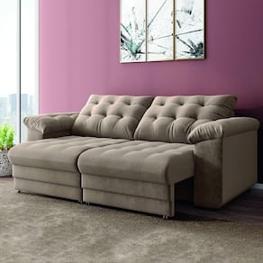 O Sofá Retrátil e Reclinável Coliseu 2,10m bipartido que facilita na hora da montagem, é a escolha perfeita para acomodar a família ou amigos, seu design sofisticado combina com qualquer ambiente. É produzido com materiais de ótima qualidade, revestido em tecido suede veludo de toque macio. O encosto é reclinável, e o assento é retrátil! Ele tem percintas elásticas que garantem apoio, elasticidade e conforto. Este modelo é ideal para que você possa aproveitar seus momentos de lazer e descanso.
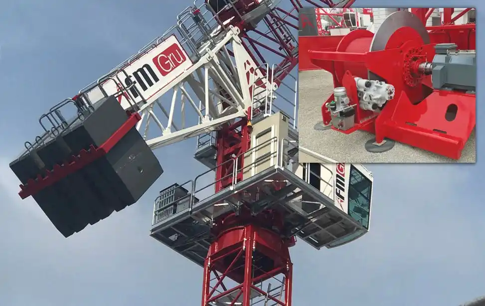- الدوران (التأرجح):يتطلب ذلك فرامل يمكنها توفير تباطؤ سلس لمنع تأرجح الحمولة وثبات الذراع مقابل قوى الريح.
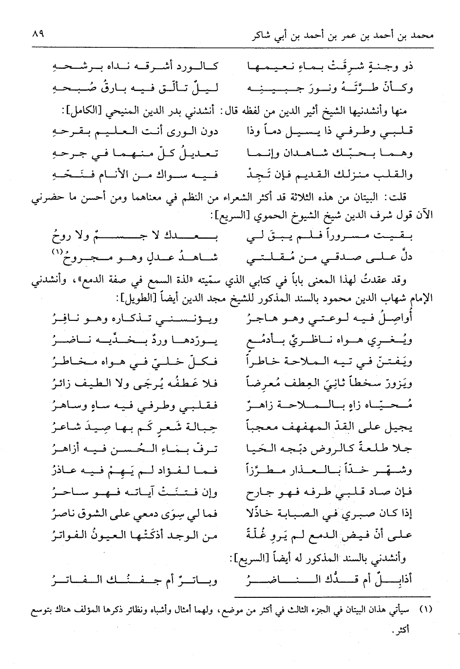 وَقد عقدت لهَذَا الْمَعْنى بَابا فِي كتابي الَّذِي سميته لَذَّة السّمع فِي صفة الدمع وأنشدني الْأَمَام شهَاب الدّين مَحْمُود بالسند الْمَذْكُور للشَّيْخ مجد الدّين أَيْضا
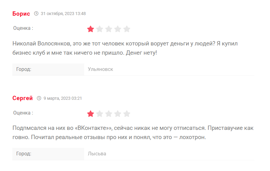 На независимых сайтах пишут, что Николай Волосянков мошенник, ворует деньги. Ранее он предлагал купить доступ в бизнес-клуб, но после получения оплаты пропадал. Те, которые вступили в его группу, не могут отписаться и до сих пор получают навязчивые предложения пройти курс.

Problem description = From the line containing "وَقد عقدت لهَذَا" to the end of the data above, give those lines again verbatim, with both endpoints included and no images.

Your response =
 وَقد عقدت لهَذَا الْمَعْنى بَابا فِي كتابي الَّذِي سميته لَذَّة السّمع فِي صفة الدمع وأنشدني الْأَمَام شهَاب الدّين مَحْمُود بالسند الْمَذْكُور للشَّيْخ مجد الدّين أَيْضا
 На независимых сайтах пишут, что Николай Волосянков мошенник, ворует деньги. Ранее он предлагал купить доступ в бизнес-клуб, но после получения оплаты пропадал. Те, которые вступили в его группу, не могут отписаться и до сих пор получают навязчивые предложения пройти курс.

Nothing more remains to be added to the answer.